Haycart t1_je4923c wrote on March 29, 2023 at 8:54 AM

>Yes, ChatGPT is doing much more than querying text! It is not just a query engine on a giant corpus of text. … Duh! I do not think you should only think of ChatGPT as a query engine on a giant corpus of text. There can be a lot of value in reasoning about ChatGPT anthropomorphically or in other ways. RLHF also complicates the story, as over time it weighs responses away from the initial training data. But “query engine on a giant corpus of text” should be a non-zero part of your mental model because, without it, you cannot explain many of the things ChatGPT does.

The author seems to present this bizarre dichotomy, that either you have to think of ChatGPT as a query engine or you have to think of it in magical/mystical/anthropomorphic terms.

(They also touch on viewing ChatGPT as a function on the space of "billion dimensional" embeddings. This is closer to the mark but seems to conflate the model's parameter count with the dimensionality of its latent space, which doesn't exactly inspire confidence in the author's level of understanding.)

Why not just think of ChatGPT as what it is--a very large transformer?

The fact that a model like ChatGPT is able to do what it does is not at all surprising, IMO, when you consider the following facts:

Transformers (and neural networks in general) are universal approximators. A sufficiently large neural network can approximate any function to arbitrary precision (with a few minor caveats).
Neural networks trained with stochastic gradient descent benefit from implicit regularization -- SGD naturally tends to seek out simple solutions that generalize well. Furthermore, larger neural networks appear to generalize better than smaller ones.
The recent GPTs have been trained on a non-trivial fraction of the entire internet's text content.
Text on the internet (and language data in general) arises from human beings interacting with the world--reasoning, thinking, and emoting about those interactions--and attempting to communicate the outcome of this process to one another.
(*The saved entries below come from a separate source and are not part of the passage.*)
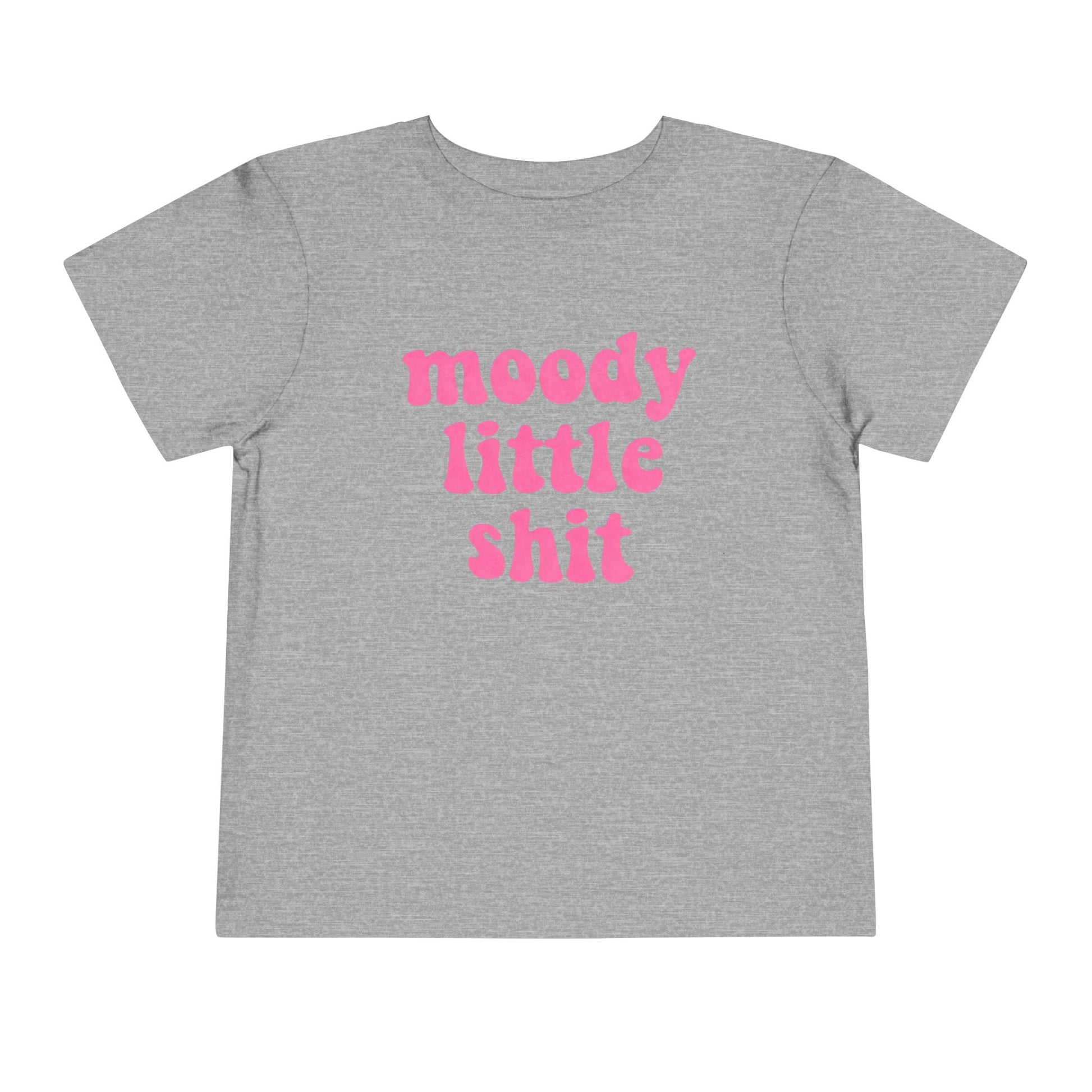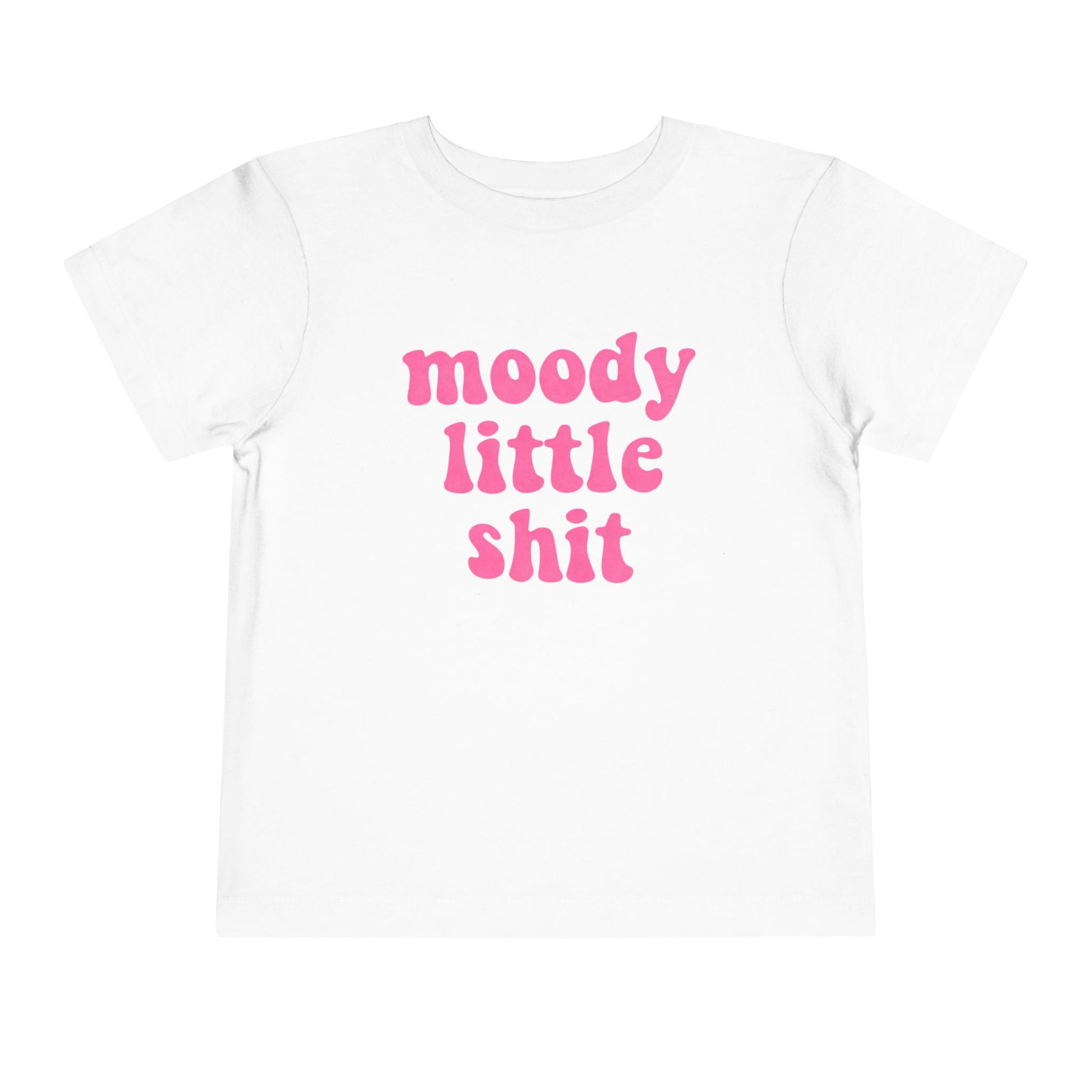 Toddler Tee — "moody little shit" Pink Retro Font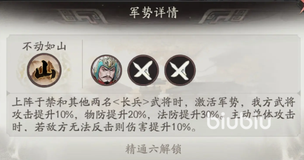 于禁的核心天赋为“不动如山”,在成功参与合击后可触发追加伤害效果。即便首次攻击造成的数值较低,后续追击所带来的叠加伤害足以快速削减敌方血量。只要目标处于攻击范围内并被合击命中,即可激活该天赋效果。另一关键天赋“从攻别征”触发条件宽松且频率高,每次触发均可带来额外打击机会,使其在持续追击过程中展现出强大的战场压制能力。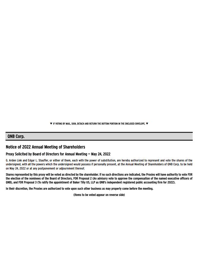 IMPORTANT NOTICE REGARDING INTERNET AVAILABILITY OF PROXY MATERIALS FOR THE SHAREHOLDER MEETING TO BE HELD ON MAY 24, 2022: Under Securities and Exchange Commission rules, you are receiving this notice that the proxy materials for the 2022 Annual Meeting of Shareholders are available on the Internet. The proxy statement, the proxy card and the 2021 Annual Report to Shareholders on Form 10-K are available at www.qnbbank.com under the “Investor Relations” link.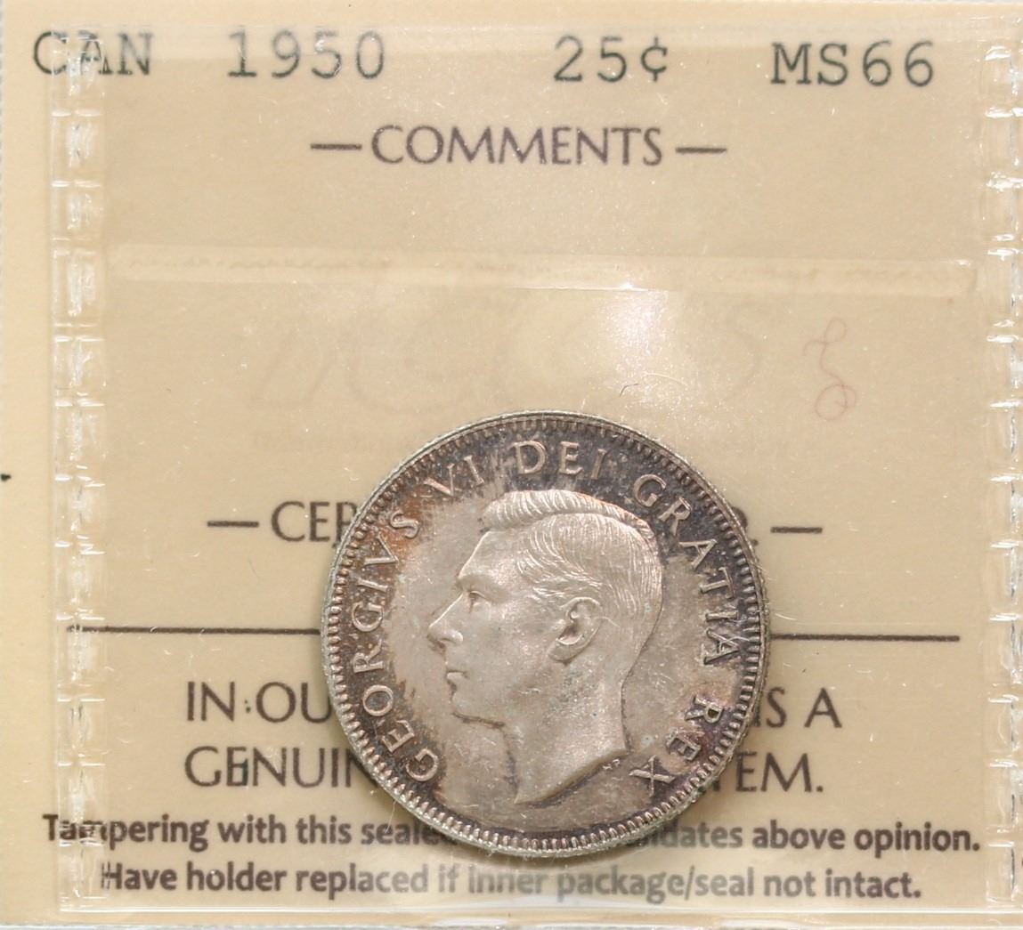 1950 25¢ ICCS Superb Gem Mint State-66 Superb example with great eye appeal. A superior example. Worth a premium bid.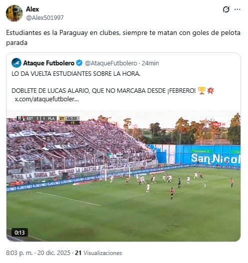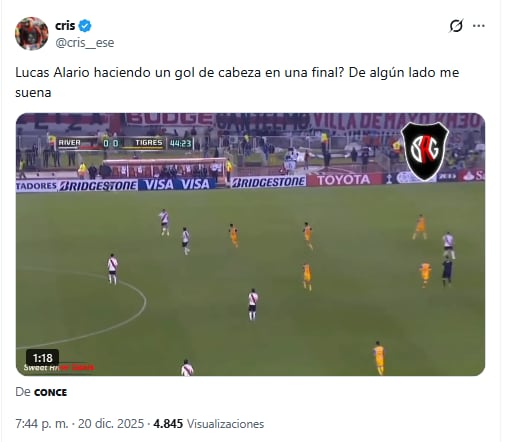 Ya sobre el final, el Pincha volvió a hacer uso de la pelota parada, una especialidad de la casa, y encontró la ventaja definitiva. Nuevamente, el Pipa Alario fue el autor de otra conquista y los usuarios en las redes sociales, especialmente los de River Plate, recordaron sus épocas gloriosas en el Millonario.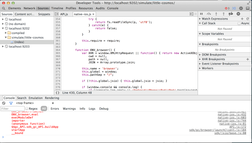 It was super easy to get started (hey! a simulator in the browser! — contrast that with a completely non-working emulator for Android). But very soon I ran into (what seemed like) a huge problem — how the $#% was I supposed to debug anything here?

Is it really crazy to imagine that the simplest possible function capable of fitting a dataset as vast as ChatGPT's, might resemble the function that produced it? A function that subsumes, among other things, human creativity and reasoning?

In another world, GPT 3 or 4 might have turned out to be incapable of approximating that function to any notable degree of fidelity. But even then, it wouldn't be outlandish to imagine that one of the later members of the GPT family could eventually succeed.

sdmat t1_je4bgwh wrote on March 29, 2023 at 9:30 AM

Exactly, it's bizarre to point to revealing failure cases for a universal approximator then claim that fixing those failure cases in later versions would be irrelevant.

Entirely possible that GPT3 only did interpolation and fails horribly out of domain and that GPT5 will infer the laws of nature, language, psychology, logic, etc and be able to apply them to novel material.

It certainly looks like GPT4 is somewhere in between.

ChuckSeven t1_je55o02 wrote on March 29, 2023 at 2:20 PM

The Transformer is not a universal function approximator. This is simply shown by the fact that it cannot process arbitrary long input due to the finite context limitations.

Your conclusion is not at all obvious or likely given your facts. They seem to be in hindsight given the strong performance of large models.

It's hard to think of chatgpt as a very large transformer ... because we don't know how to think about very large transformers.

Haycart t1_je6grih wrote on March 29, 2023 at 7:22 PM

>The Transformer is not a universal function approximator. This is simply shown by the fact that it cannot process arbitrary long input due to the finite context limitations.

We can be more specific, then: the transformer is a universal function approximator* on the space of sequences that fit within its context. I don't this distinction is necessarily relevant to the point I'm making, though.

*again with caveats regarding continuity etc.

>Your conclusion is not at all obvious or likely given your facts. They seem to be in hindsight given the strong performance of large models.

Guilty as charged, regarding hindsight. I won't claim to have predicted GPT-3's performance a-priori. That said, my point was never that the strong performance we've observed from recent LLMs was obvious or likely--only that it shouldn't be surprising. And, in particular it should not be surprising that a GPT model (not necessarily GPT-3 or 4) trained on a language modeling task would have the abilities we've seen. Everything we've seen falls well within the bounds of what transformers are theoretically capable of doing.

There are, of course, aspects of the current situation specifically that you can be surprised about. Maybe you're surprised that 100 billion-ish parameters is enough, or that the current volume of training data was sufficient. My argument is mostly aimed at claims along the lines of "GPT-n can't do X because transformers lack capability Y" or "GPT-n can't do X because it is only trained to model language".